МГ: Да. На следующий день мне руководство звонит, мол, надо встретиться, подъедем, мол, поговорим, вы знаете о чем. А я сидел дома, пил пиво. И думаю нет, есть же стандартные милицейские методы, пригласят выйти в подъезд, а это же общественное место, ну и заберут меня за нахождение в пьяном виде.
Поэтому говорю: нет, давайте завтра. Приехал на работу, написал объяснительную, меня уволили с формулировкой «нарушение условий контракта». Потому что милиционер обязан не высказываться в поддержку партий, движений и объединений. Правда, я и не высказывался в поддержку кого-то, но надо же было меня уволить. Ну думаю, пусть будет так, все равно, найдут другую формулировку, чтобы выкинуть с работы. Да и хватит с меня уже этой системы. Гнилая система.

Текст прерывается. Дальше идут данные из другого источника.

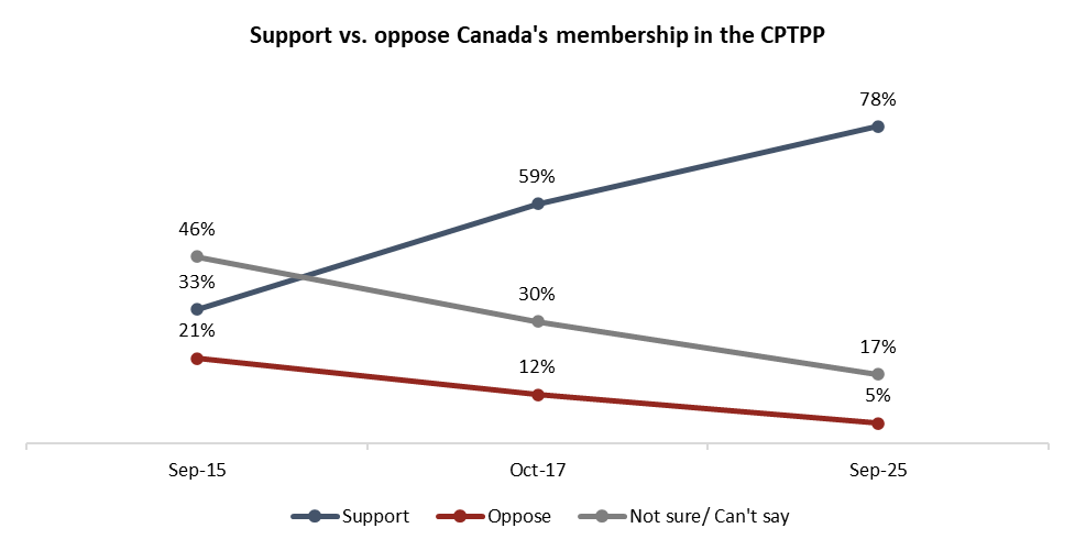 Still, support for Canada’s membership in the CPTPP has grown over time. In 2017, prior to the agreement being signed, three-in-five (59%) Canadians said they supported Canada’s potential membership in the trade deal. Eight years later, and seven years after its ratification, support has climbed to nearly four-in-five (78%):

У нас же и идеологи работают, проводятся идеологические занятия, произносятся слова о чести, достоинстве, все такое… Но где та честь: офицерская, милицейская? Нет. Не присутствует. Должно быть полное подчинение приказам, только «линия партии».
Те же лжесвидетельства омоновцев [на судах] — где там честь? Они же знают сами, что лгут. Но это приказ. А мы, белорусы, люди супервысокой исполнительности.

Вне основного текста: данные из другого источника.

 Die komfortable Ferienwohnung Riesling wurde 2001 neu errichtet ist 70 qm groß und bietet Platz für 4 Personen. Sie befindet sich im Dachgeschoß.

Немного я переживал, что начальству влетит, ведь у нас же круговая порука. А я к начальнику очень хорошо относился. Он хороший мужик.
Вообще мы, милиционеры, каждый по отдельности — отличные ребята, а вместе соберешь — получается кусок непонятно чего.
Большинство милиционеров — золото, но система так выстроена.
Попрощался я с коллегами нормально, один только парень мне руку не пожал. Говорит, ну тут видеокамеры везде, не могу, не обижайся. Он в офицеры собирается идти, боится.
Но начальника не сильно наказали, ему «строго указали», фактически выговор на словах и всё. Я вздохнул с облегчением. Зла я никому не желаю.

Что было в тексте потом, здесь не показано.